If you’re like some of us in the band, you might have grown up hearing — fairly endlessly — about the end of the world. So often, the book of Revelation and end times prophecies are obsessed about because they are — let’s be honest — interesting and a bit weird. The album’s final track, “The End,” is a nod to these ideas. We can all be guilty of looking to the sky waiting for Jesus to return while we accomplish nothing while we’re waiting, leaving a world to rot, in essence, because, well, we’re not going to be here — so why worry about others. Ezekiel 7 provides the foundation of the second half of each verse as the listener is reminded of the reality of the coming of the end. These parts of the song were initially written for a different song we demo’ed but eventually discarded.

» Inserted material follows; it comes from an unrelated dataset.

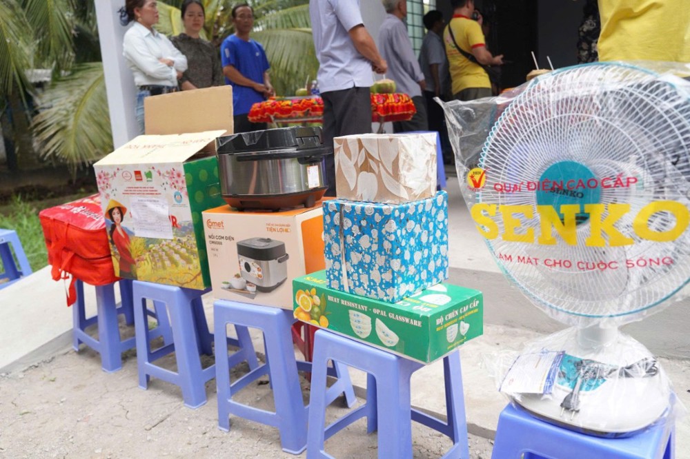 Ngoài ra, đoàn đã bàn giao 2 căn nhà “Sen búp xin tặng người” số 1027 cho hộ bà Dương Thị Hà (xã Quới Điền) và số 1028 cho hộ bà Hồ Thị Hà (xã Mỹ Chánh Hoà). Mỗi căn 60 triệu đồng và quà tặng 4 triệu đồng do gia đình bà MITA TRAN và các bạn tài trợ. Với tổng kinh phí thực hiện cho các chương trình tại Vĩnh Long là trên 1 tỷ 370 triệu đồng.

Lyrically, the words fit perfectly with what we were trying to say in the first part of each verse and, overall, thematically. The chorus asks the question “what do we gain here/to live in such fear?” Let us not ignore justice and the least of these while waiting for Jesus to return.

 

Musically, this song is easily the heaviest on the album and the heaviest song we’ve ever tracked. It also features a fair-use, but brief contribution from an end-times enthusiast, but shouldn’t be construed as an endorsement of that line of thought. If your head doesn’t get moving on this one, we’re not sure what else we can do.